Al menos, al igual que Ruskin, comprende que la especialización extrema debe producir hombres estrechos y unilaterales, y que el progreso se rebela contra su aplicación demasiado rígida.177
Es consciente también de que la división del trabajo fracasa en el caso de los pobres desempleados del Estado, ya que no tienen ningún trabajo especial.178
# LA ESCLAVITUD
Plato is not blind to the ethical aspects of the problem of slavery.

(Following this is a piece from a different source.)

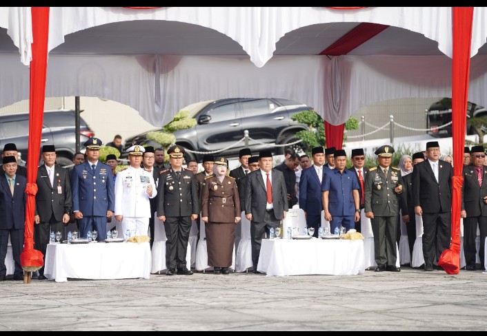 Bertindak selaku Inspektur Upacara (Irup) Gubernur Riau H. Abdul Wahid, M.Si. Dengan mengusung tema “Memperkokoh Ideologi Pancasila Menuju Indonesia Raya” upacara dilaksanakan dengan penuh hikmad dan tertib.

In his first healthy state (ὑγιείνη), slavery and war are conspicuously absent, and it is the natural inference that the author believed these to be necessary evils of the more complex state.fn:fn_1abc30e1eab4:179
He appreciates the dangers of absolute power, even in private life, and believes that few men can stand the strain.fn:fn_29de239337e1:180
He conceives human nature as a unity that defies absolute division into separate classes.fn:fn_622c3e0c36b4:181
Aunque no renuncia a la esclavitud en la República, la limitaría a los bárbaros y a aquellos que parecen no ser aptos para la vida superior.182
Desempeña un papel extraordinariamente pequeño en su primer Estado, y parecería que su idealismo lucha aquí contra lo que siente que es una necesidad económica. En las Leyes, acepta francamente la necesidad, y pone incluso la agricultura, así como las demás industrias, en manos de los esclavos.183
Sin embargo, no han de ser tratados como animales, sino como hombres racionales, en quienes un trato adecuado puede desarrollar cierto grado de moralidad y ambición por el buen trabajo.184
Sin duda, su propósito es económico más que ético: lograr que los esclavos estén satisfechos con su suerte y sean así mejores productores.185
No hace mención de la libertad como recompensa por el buen comportamiento, aunque en otra parte contempla la existencia de libertos en el Estado y estipula que no deberán volverse más ricos que sus antiguos amos.186
# DINERO
Así como Platón fue el primero de los pensadores griegos existentes en comprender el principio de la división del trabajo, también fue el primero en dar alguna pista sobre el origen del dinero. Afirma que este entró en uso debido al crecimiento del intercambio necesario, el cual a su vez resultó de una mayor división del trabajo.187
La función del dinero la define de manera un tanto indefinida con el término «símbolo de cambio»,188 una expresión que sugiere la definición de Ruskin: «un billete o símbolo de derecho a los bienes».189 Parece implicar que el dinero no es en sí mismo una mercancía con la que deba comerciarse.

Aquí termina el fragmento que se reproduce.